Cong's work on FlowMap received the 2011 ACM/IEEE A. Richard Newton Technical Impact Award in Electronic Design Automation "for pioneering work on technology mapping for FPGA that has made significant impact to the FPGA research community and industry", and was the first inducted to the FPGA and Reconfigurable Computing Hall of Fame by ACM TCFPGA.

Cong was elected to IEEE Fellow in 2000 "for seminal contributions in computer-aided design of integrated circuits, especially in physical design automation, interconnect optimization, and synthesis of FPGAs", and ACM Fellow in 2008 "for contributions to electronic design automation".

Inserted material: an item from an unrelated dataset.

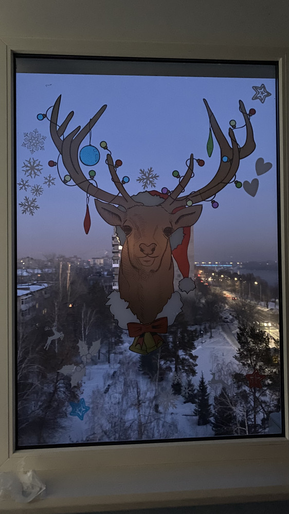 Классная наклейка! Смотрится очень интересно. Но я немного помучилась в процессе наклеивания)) Нет инструкции, пришлось полазить по интернету, но там именно по большому изделию, да ещё с виеватыми рожками, не нашлось подходящего ролика...) Пришлось самой придумывать процесс... Результат - как-то справилась и результат порадовал) Гостям и внуку очень понравилась картинка на окне!)

He received the 2010 IEEE Circuits and System (CAS) Society Technical Achievement Award "For seminal contributions to electronic design automation, especially in FPGA synthesis, VLSI interconnect optimization, and physical design automation", and also the 2016 IEEE Computer Society Technical Achievement Award "For setting the algorithmic foundations for high-level synthesis of field programmable gate arrays". He is the first one who received a Technical Achievement Award from both the IEEE Circuits and Systems Society and the Computer Society.

In February 2017, Cong was elected as a member in National Academy of Engineering. He was elected a foreign member of the Chinese Academy of Engineering in 2019.

In 2020, he was elected to be a fellow of the National Academy of Inventors, and in 2024, he was elected to be a member of the American Academy of Arts and Sciences.

In 2026, Cong received the Harold Pender Award, the highest honor bestowed by the University of Pennsylvania School of Engineering and Applied Science, and delivered the accompanying lecture in Philadelphia.